# Sample Solution for Milestone 1

This is the sample solution for milestone 1 of the information retrieval lab in the summer term of 2023.

You can build subsequent milestones on this sample solution or you can continue with your custom result of milestone 1.

**Build the image:**

`docker build -t registry.webis.de/code-research/tira/tira-user-ir-lab-sose-2023-<YOUR-GROUP-NAME>/ir-datasets:0.0.1 .`

**Start a jupyter notebook in the image:**

`docker run -p 8888:8888 --rm -ti -w /workspace -v ${PWD}:/workspace --entrypoint jupyter registry.webis.de/code-research/tira/tira-user-ir-lab-sose-2023-<YOUR-GROUP-NAME>/ir-datasets:0.0.1 notebook --allow-root --ip 0.0.0.0`


# Step 1: First look into the data

In [5]:
# Should print 53673 lines
!cat ir-anthology-07-11-2021-ss23.jsonl|wc -l

53673


From looking at some example document we decided that we will build our retrieval solutions on the following fields that we think are interesting for retrieval:

- id
- abstract
- title
- authors
- year
- booktitle

We ignore all other fields.

# Step 2: Process the data

Following the description above, we use the fields id, abstract, title, authors, year, and booktitle and ignore other fields. We do not enrich the data, e.g., with external sources like citation counts.
The following snippet creates the processed data in a file `ir-anthology-07-11-2021-ss23-processed.jsonl` that is used for all subsequent steps as document representation.

In [4]:
# ToDo: produce a file ir-anthology-processed.jsonl that has the fields and information that you want them to have.
# If you want to reuse the file ir_anthology.py in this sketch, your file processing should add fields  doc_id, abstract, title, authors, year, and booktitle
# You still can add all other information that you like, e.g., incorporating citation numbers etc. from other sources.
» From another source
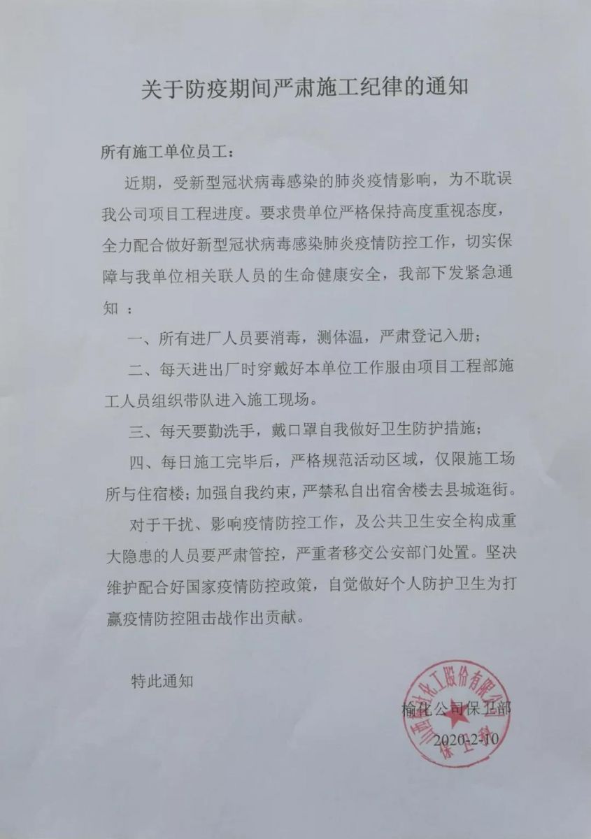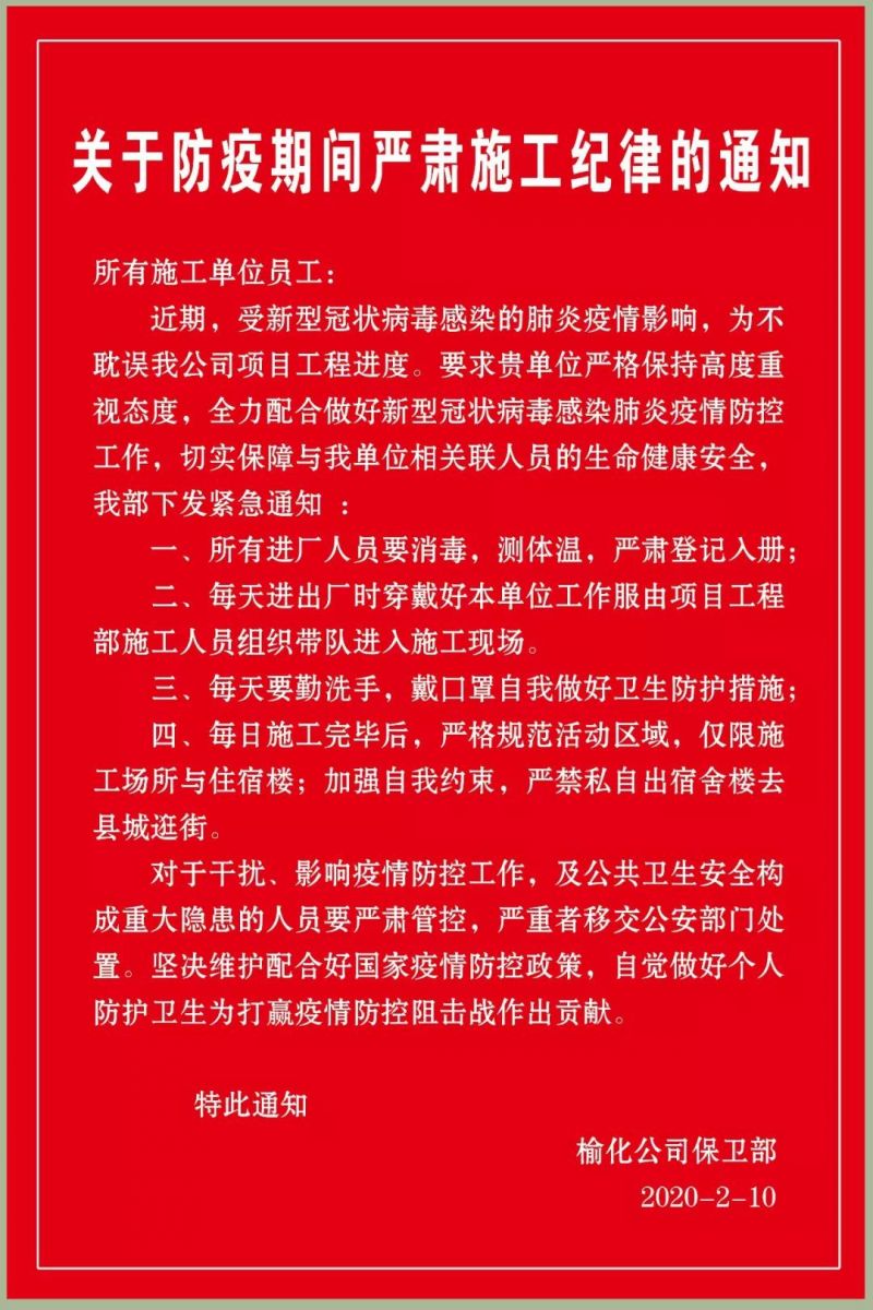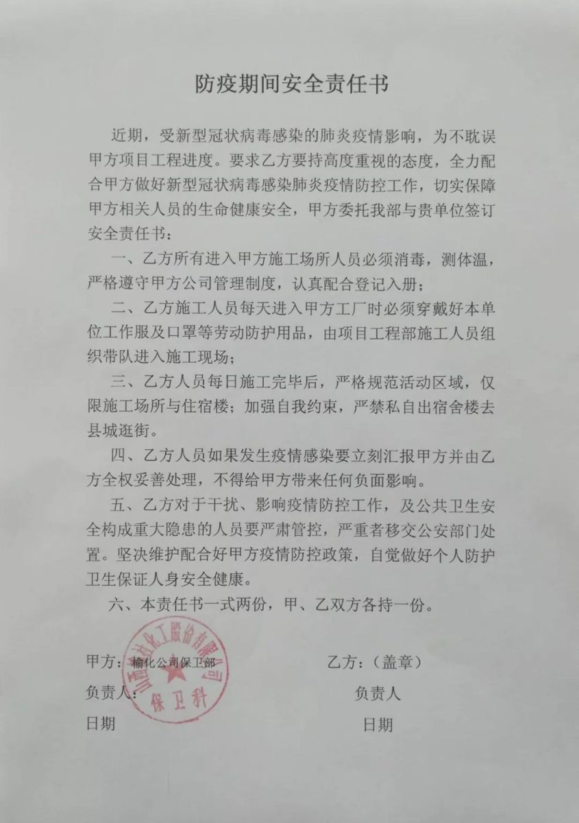 嚴(yán)格管控進入廠區(qū)外來施工人員,最大限度減少人員流動;我公司項目建設(shè)逐步按計劃推進,給公司防疫工作帶來難度,保衛(wèi)部迅速向施工單位下發(fā)緊急通知,并逐一給施工單位宣講防疫期的工作要求,認(rèn)真與施工單位負(fù)責(zé)人簽定安全責(zé)任書;同時在施工單位住宿區(qū)大門外設(shè)置管理關(guān)卡,專人值守,對外來人員實行管制,進出時必須消毒測體溫,登記備案。

# Step 3: Integration to `ir_dasets`

The following shows our source code of our integration `ir_anthology.py`. We introduced a class `IrAnthologyDocument` with the fields described above. We decided, that by default, concatenating the title and abstract is a reasonable way to retrieve documents (hence, this will be the default_text).

In [1]:
!cat ir_anthology.py

import ir_datasets
from ir_datasets.formats import JsonlDocs, TrecXmlQueries
from typing import NamedTuple
from ir_datasets.datasets.base import Dataset

class IrAnthologyDocument(NamedTuple):
    doc_id: str
    abstract: str
    title: str
    authors: list
    year: str
    booktitle: str

    def default_text(self):
        return self.title + ' ' + self.abstract

ir_datasets.registry.register('iranthology-tutors', Dataset(
    JsonlDocs(ir_datasets.util.PackageDataFile(path='datasets_in_progress/ir-anthology-processed.jsonl'), doc_cls=IrAnthologyDocument, lang='en'),
    TrecXmlQueries(ir_datasets.util.PackageDataFile(path='datasets_in_progress/topics.xml'), lang='en')
))


# Test everything locally

If you want to test everything locally, you can do this in three steps: (1) data import, (2) retrieval, and (3) rendering the retrieval results.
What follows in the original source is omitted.